Tamer Shlash
Tamer Shlash

Reputation: 9523

Which one is the real Bubble Sort, and which one is better?

I had an argument with a friend about the real bubble sort of the following two algorithms, and about which one is better, no mention which one is mine, I just want to hear your answers on these two questions about those two algorithms (written in c++)

1-which one is the real bubble sort?
2-which one is better?

here are the two algorithms :

// Number one :
void BubbleSort(int Arr[], int size)
{   for (int i=0;i<size-1;i++)
        for (int j=i+1;j<size;j++)
            if (Arr[i]>Arr[j])
            {   int temp = Arr[i];
                Arr[i] = Arr[j];
                Arr[j] = temp;
}           }

// Number two : 
void BubbleSort(int Arr[], int size)
{   for (int i=0;i<size-1;i++)
        for (int j=0;j<size-1;j++)
            if (Arr[j]>Arr[j+1])
            {   int temp = Arr[j];
                Arr[j] = Arr[j+1];
                Arr[j+1] = temp;
}           }

Upvotes: 5

Views: 4253

Answers (3)

Steve Blackwell
Steve Blackwell

Reputation: 5924

Number Two is closer to the real one. All comparisons should be between adjacent elements.

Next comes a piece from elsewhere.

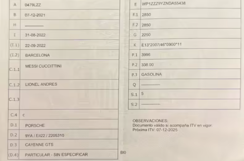 La protagonista della notizia è una Porsche Cayenne GTS Coupé immatricolata nel 2021 e utilizzata da Messi durante la sua ultima stagione al Barcellona. Secondo le informazioni pubblicate insieme all’annuncio di vendita, l’auto è stata registrata originariamente in Spagna e presenta una documentazione ufficiale che certifica la proprietà del campione argentino. Il SUV, oggi custodito in Germania, ha percorso poco più di 22.000 chilometri ed è descritto in condizioni eccellenti, con soltanto normali segni d’utilizzo. L’auto viene proposta tramite la piattaforma SBX Cars e potrebbe raggiungere una valutazione intorno alle 100.000 sterline, cifra che riflette non solo le caratteristiche tecniche ma soprattutto la provenienza esclusiva.

But the real bubble sort would take a while loop instead of an outer for loop, and the while loop would execute again only if elements had to be swapped on the last pass, like this:

void BubbleSort(int Arr[], int size) 
{   
    bool swapped;
    do {
        swapped = false;
        for (int j=0;j<size-1;j++)
            if (Arr[j]>Arr[j+1]) {
                int temp = Arr[j];
                Arr[j] = Arr[j+1];
                Arr[j+1] = temp;
                swapped = true;
            }
    } while (swapped);
}

Upvotes: 12

Zac Howland
Zac Howland

Reputation: 15870

The answer to question #2: Neither is "better". Both are O(n^2) sort algorithms (which are terrible). Other than an introduction to sorting algorithms, Bubble Sort is useless.

Upvotes: 1

Alain
Alain

Reputation: 27250

The pseudocode for the nested loop bubble sort is:

procedure bubbleSort( A : list of sortable items ) 
  n := length(A)-1
  for(i=0; i<= n; i++) 
     for(j=n; j>i; j--) 
        if A[j-1] > A[j] then
           swap (A[j-1], A[j])
        end if
     end for
  end for
end procedure

This means that the first is closest because the inner loop only iterates over elements after i. The second method you showed has an inner loop which iterates over all elements, even though elements before i have already been sorted, so there's no need to waste time on them.

That means the first method is also better.